• _WORK REQUIRED_
Copy all the records word for word, apart from any pictures.

• _DATA RECORDS_

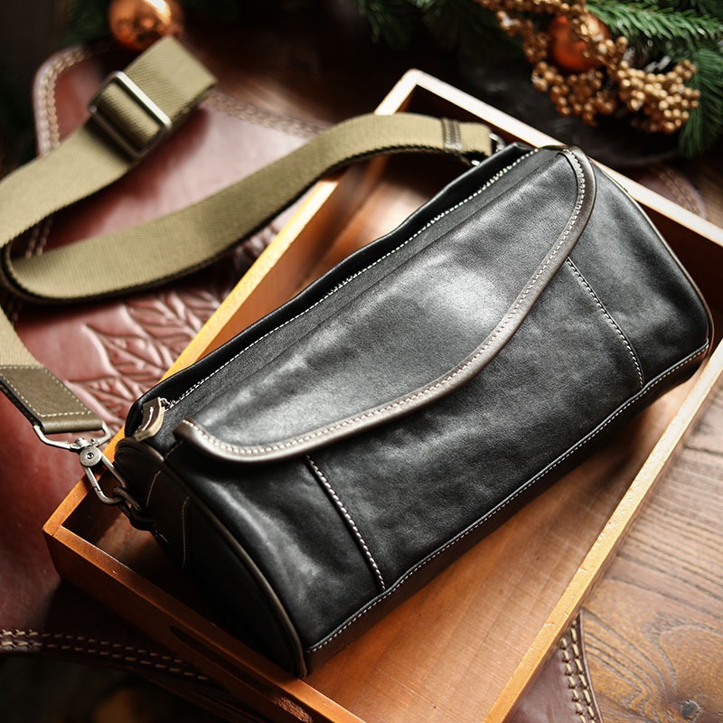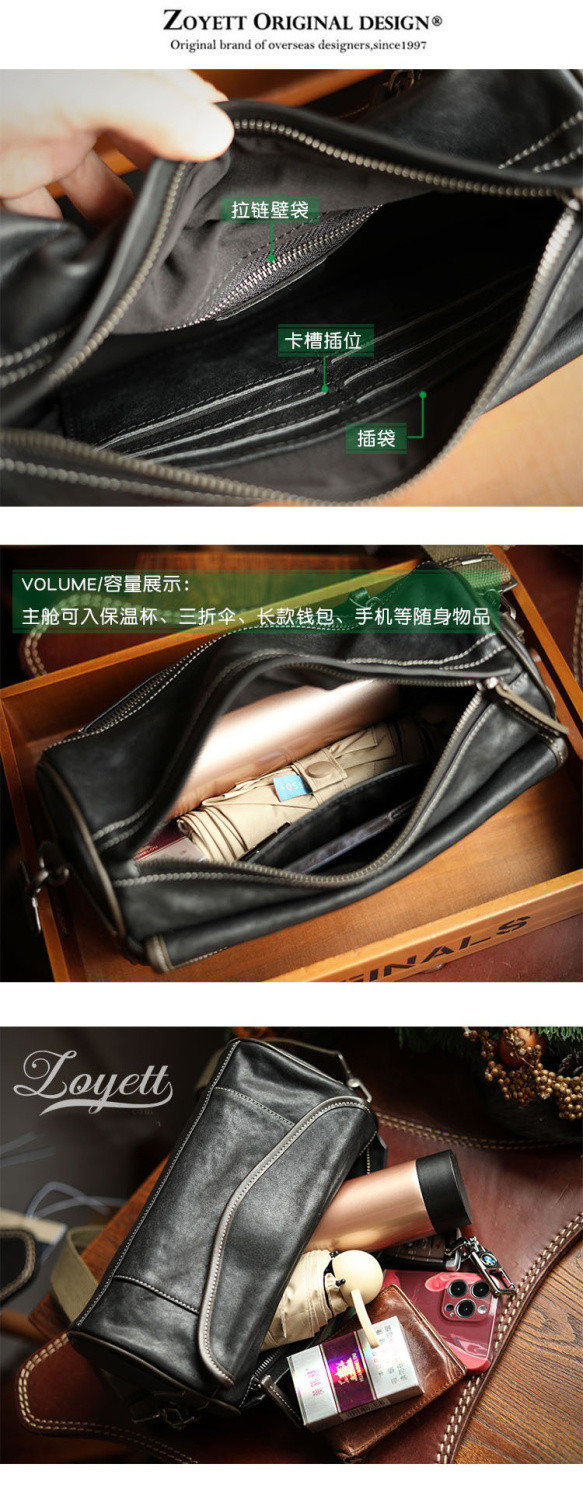 오리지널 정품 가죽 남성용 어깨 크로스 바디 백 남성 디자인 센스 니쉬 야채 태닝 코우 가죽 통근 레저 배낭 베개스토어 가기
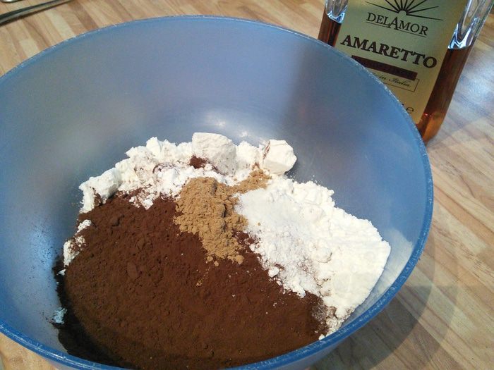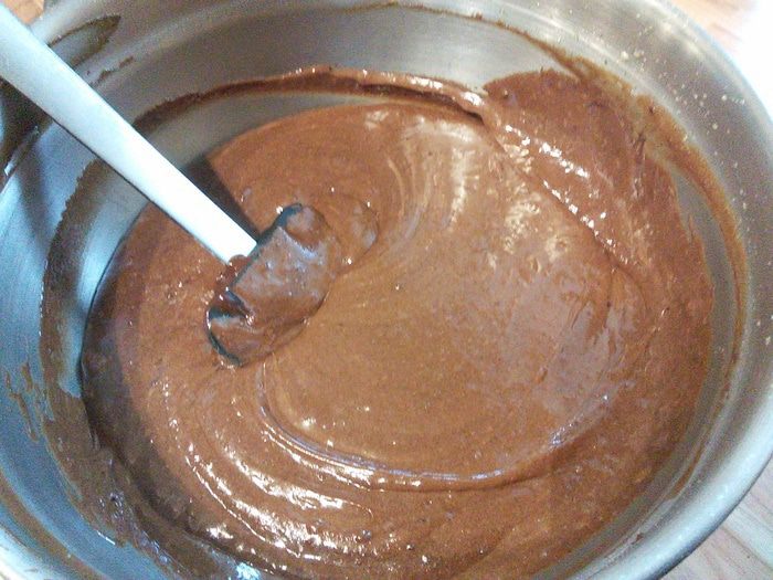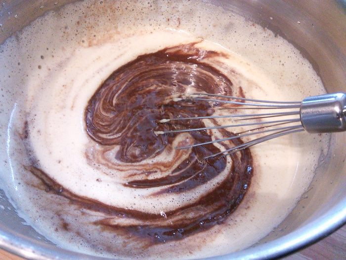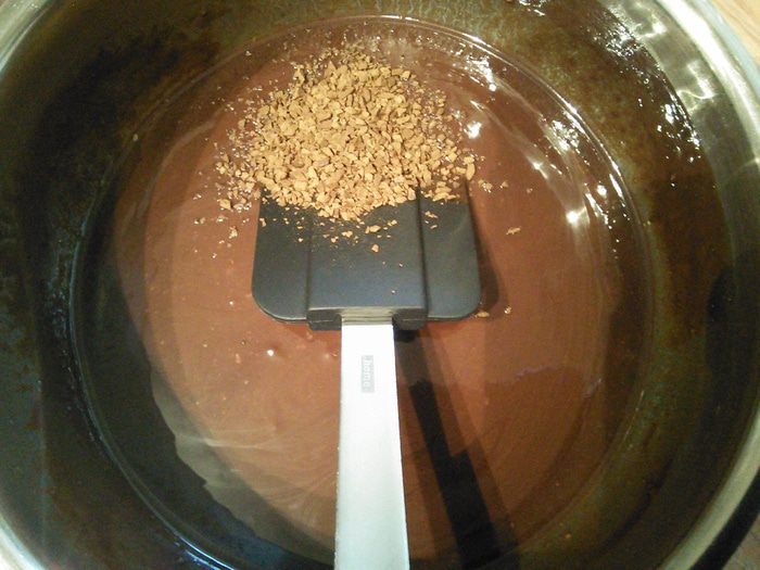 Растворить шоколад с маслом на медленном огне, иногда помешивать, чтобы шоколад не подгорел. Когда все полностью растает, добавить растворимый кофе, тщательно размешать и немного остудить. Я брала горький и молочный шоколад в равных количествах, поэтому в следующем шаге полностью исключила обычный сахар и ограничилась только коричневым.
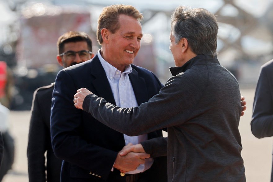 Blinken'ı ABD'nin Türkiye Büyükelçisi Jeff Flake karşıladı.Reuters haber ajansının paylaştığı fotoğraflarda Adana'daki İncirlik Hava Üssü'ne inen Blinken'i ABD'nin Türkiye Büyükelçisi Jeff Flake ve ABD personeli karşıladı.
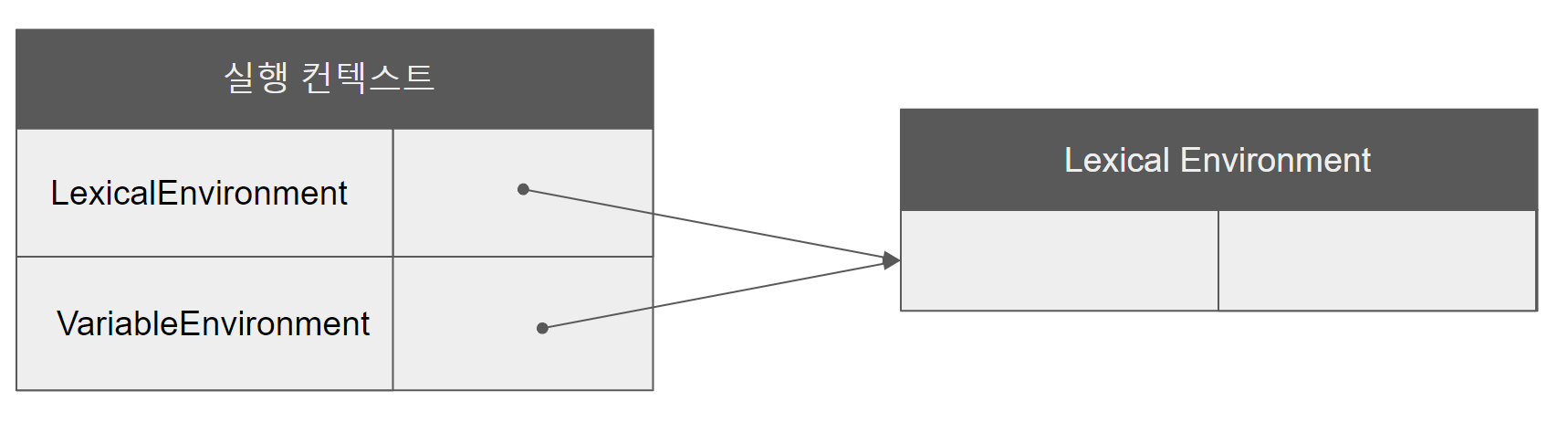 실행 컨텍스트는 실행할 코드에 제공할 환경 정보들을 모아놓은 객체로 VariableEnvironment, LexicalEnvironment, ThisBinding으로 구성되어 있습니다. 그 중 렉시컬 환경(Lexical Enviroment)은 키와 값을 갖는 객체 형태의 스코프를 생성하여 식별자를 키로 등록하고 식별자에 바인딩된 값을 관리하는 저장소 역할을 하며 렉시컬 스코프의 실체입니다. 실행 컨텍스트가 초기에 생성될 때 LexcialEnviroment 컴포넌트와 VariableEnviroment 컴포넌트는 하나의 동일한 렉시컬 환경을 참조합니다.
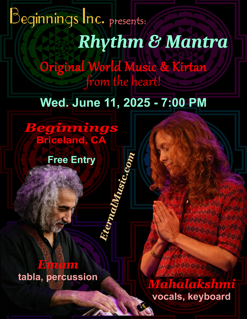 Sondra Ray & Markus Ray describe our offerings: "Emam and Mahalakshmi's music is beyond just inspirational; it is an offering of Pure Joy. Because they are in a state of Joy within themselves, they can lift everyone who listens to them into that vortex of feeling good. We need to be elevated in our Life into the Divine Realms. This is our real HOME. And Emam and Mahalakshmi can take us there." |
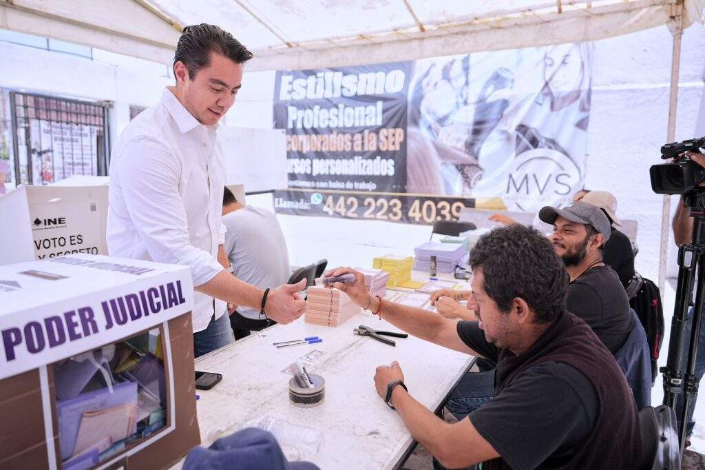 En el ejercicio de sus derechos como ciudadano, el presidente municipal de Querétaro, Felifer Macías, acudió a la sección 0467 en la colonia Burócrata para emitir su voto en las elecciones judiciales 2025. Durante esta jornada electoral, participó en la elección de Ministras, Ministros, Magistradas, Magistrados, Juezas y Jueces que integrarán las distintas salas del sistema de impartición de justicia.
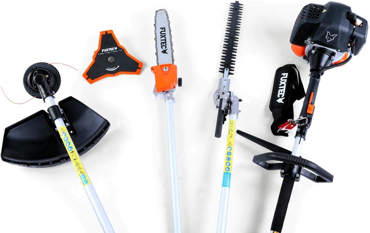 FUXTEC Desbrozadora Multifunción Gasolina FX-MT152E Multiherramienta 5 en 1 - Cortasetos, Motosierra Inclinada, cortabordes, extensión de 1 m - Motor de Gasolina de 2 Tiempos 52cc
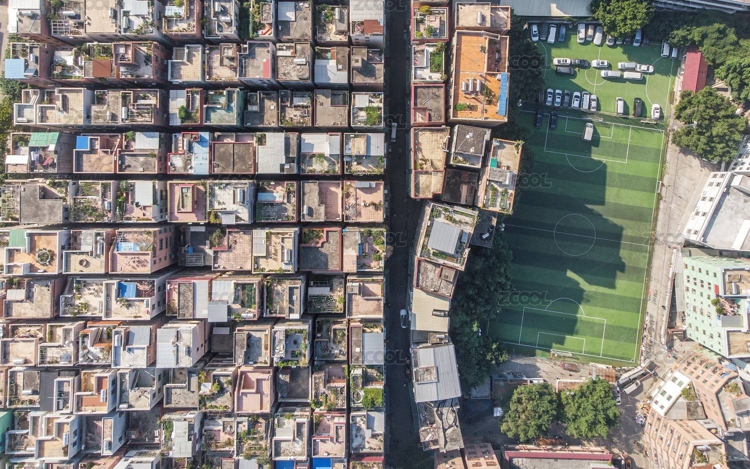 中国广东广州密集的城中村与足球场

• _SOLUTION FOR THIS EXERCISE_
 오리지널 정품 가죽 남성용 어깨 크로스 바디 백 남성 디자인 센스 니쉬 야채 태닝 코우 가죽 통근 레저 배낭 베개스토어 가기
 Растворить шоколад с маслом на медленном огне, иногда помешивать, чтобы шоколад не подгорел. Когда все полностью растает, добавить растворимый кофе, тщательно размешать и немного остудить. Я брала горький и молочный шоколад в равных количествах, поэтому в следующем шаге полностью исключила обычный сахар и ограничилась только коричневым.
 Blinken'ı ABD'nin Türkiye Büyükelçisi Jeff Flake karşıladı.Reuters haber ajansının paylaştığı fotoğraflarda Adana'daki İncirlik Hava Üssü'ne inen Blinken'i ABD'nin Türkiye Büyükelçisi Jeff Flake ve ABD personeli karşıladı.
 실행 컨텍스트는 실행할 코드에 제공할 환경 정보들을 모아놓은 객체로 VariableEnvironment, LexicalEnvironment, ThisBinding으로 구성되어 있습니다. 그 중 렉시컬 환경(Lexical Enviroment)은 키와 값을 갖는 객체 형태의 스코프를 생성하여 식별자를 키로 등록하고 식별자에 바인딩된 값을 관리하는 저장소 역할을 하며 렉시컬 스코프의 실체입니다. 실행 컨텍스트가 초기에 생성될 때 LexcialEnviroment 컴포넌트와 VariableEnviroment 컴포넌트는 하나의 동일한 렉시컬 환경을 참조합니다.
 Sondra Ray & Markus Ray describe our offerings: "Emam and Mahalakshmi's music is beyond just inspirational; it is an offering of Pure Joy. Because they are in a state of Joy within themselves, they can lift everyone who listens to them into that vortex of feeling good. We need to be elevated in our Life into the Divine Realms. This is our real HOME. And Emam and Mahalakshmi can take us there." |
 En el ejercicio de sus derechos como ciudadano, el presidente municipal de Querétaro, Felifer Macías, acudió a la sección 0467 en la colonia Burócrata para emitir su voto en las elecciones judiciales 2025. Durante esta jornada electoral, participó en la elección de Ministras, Ministros, Magistradas, Magistrados, Juezas y Jueces que integrarán las distintas salas del sistema de impartición de justicia.
 FUXTEC Desbrozadora Multifunción Gasolina FX-MT152E Multiherramienta 5 en 1 - Cortasetos, Motosierra Inclinada, cortabordes, extensión de 1 m - Motor de Gasolina de 2 Tiempos 52cc
 中国广东广州密集的城中村与足球场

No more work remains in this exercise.